Una tendenza confermata da Paola, manager della grande distribuzione: «Il benessere fisico e l’attenzione alla salute influenzano i consumi, il 40% dei consumatori dichiara che ha un’alimentazione a regime controllato, con meno zuccheri raffinati, sale, grassi, più latte di soia e senza lattosio, pasta integrale e gluten-free, prodotti free-from e alimentazione superfood». Ma tutti i nuovi prodotti fanno bene? «Probabilmente sì», ha affermato il relatore. «Ci sono studi scientifici a confermarlo, ma non è tutto. A dettare le regole sono le scelte etiche e territoriali, una maggiore attenzione al localismo e alla sostenibilità. Una certezza sono i cambiamenti degli spazi negli scaffali a cui la GdO si è adeguata: i prodotti bio e salutistici hanno ampliato gli assortimenti conquistando spazi ai prodotti tradizionali».
Farchioni, imprenditore agroalimentare umbro da dieci generazioni, è fermamente convinto che si debbano assecondare le nuove tendenze, ma senza rinunciare alla qualità: «Da un lato è vero che sono i consumatori a dettare le regole e influenzare i consumi, quindi dobbiamo ascoltare tutti, accettare le nuove filosofie, come per i prodotti che hanno ottenuto il marchio QAS qualità, ambiente, sicurezza». Si può fare innovazione, «prendiamo il caso dell’olio che si produce da millenni, ma l’importante è fare un olio buono e salubre» conclude.
Berni, a capo del consorzio del Grana Padano, prodotto simbolo del made in Italy esportato nel mondo, punta il dito sulla trasparenza: «Occorre essere leale con i consumatori, regolamentare le modalità delle informazioni sulle confezioni, in quanto il consumatore è indotto a credere a ciò che scritto in etichetta o sui siti. La quota di formaggi similari al Grana Padano che definisco “copioni” è più alta nella ristorazione che negli acquisti delle famiglie». A sostegno della sua tesi cita un dato: «Nel 2016 il 35 per cento della spesa dedicata all’alimentazione è avvenuta fuori casa nei 300mila punti di ristorazione in Italia. I formaggi similari svolgono lo stesso servizio, non si vedono e costano meno», in barba alla genuinità, qualità e, forse, salubrità.

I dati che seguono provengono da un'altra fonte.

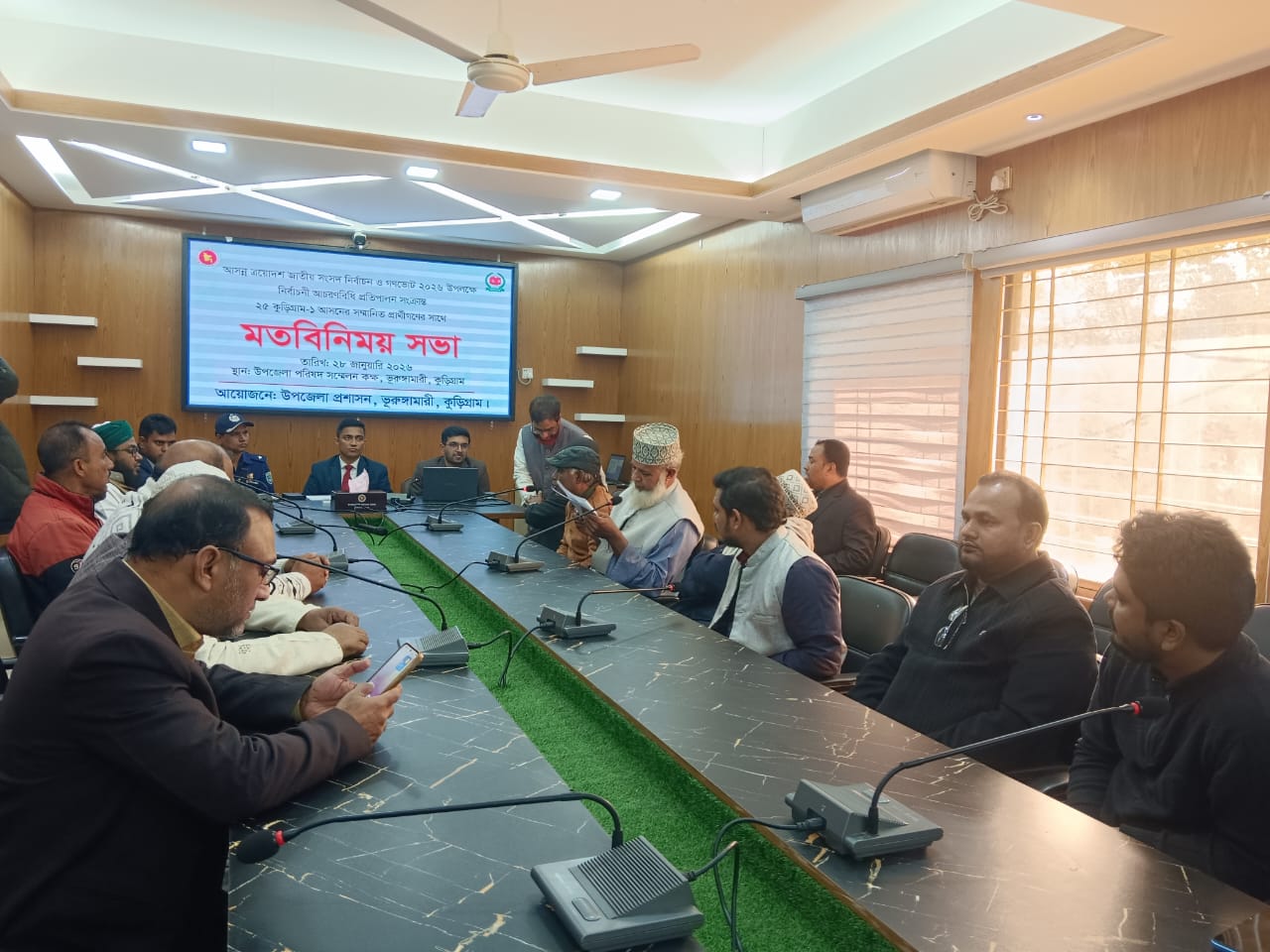 বুধবার (২৮ জানুয়ারি) দুপুরে উপজেলা পরিষদ সম্মেলন কক্ষে ২৫ কুড়িগ্রাম-১ আসনের নির্বাচনী প্রতিদ্বন্দ্বী প্রার্থী ও তাদের প্রতিনিধিদের সাথে এ সভা অনুষ্ঠিত হয়।

Moncalvo, sposa le affermazioni fatte da tutti i relatori: «L’agroalimentare – è innegabile – crea reddito, lavoro, con un’attenzione all’ambiente e al futuro del paese. Anche il biologico italiano è una filiera leader a livello europeo con il 22% di aziende, le farmer market sono 1200, producono un fatturato di 2 miliardi di euro con 10mila occupati. Molte sono piccole aziende con una media di under 35 impegnati in agricoltura. Tradizione, innovazione, legalità e trasparenza sono i binari da percorrere insieme, che fanno il nostro paese leader anche nella sostenibilità sociale. Mi riferisco», conclude, «alla legge contro il caporalato che consente di produrre cibo attento all’uomo, allo sfruttamento di minori, unendo questa sensibilità al paesaggio unico e alla nostra cultura».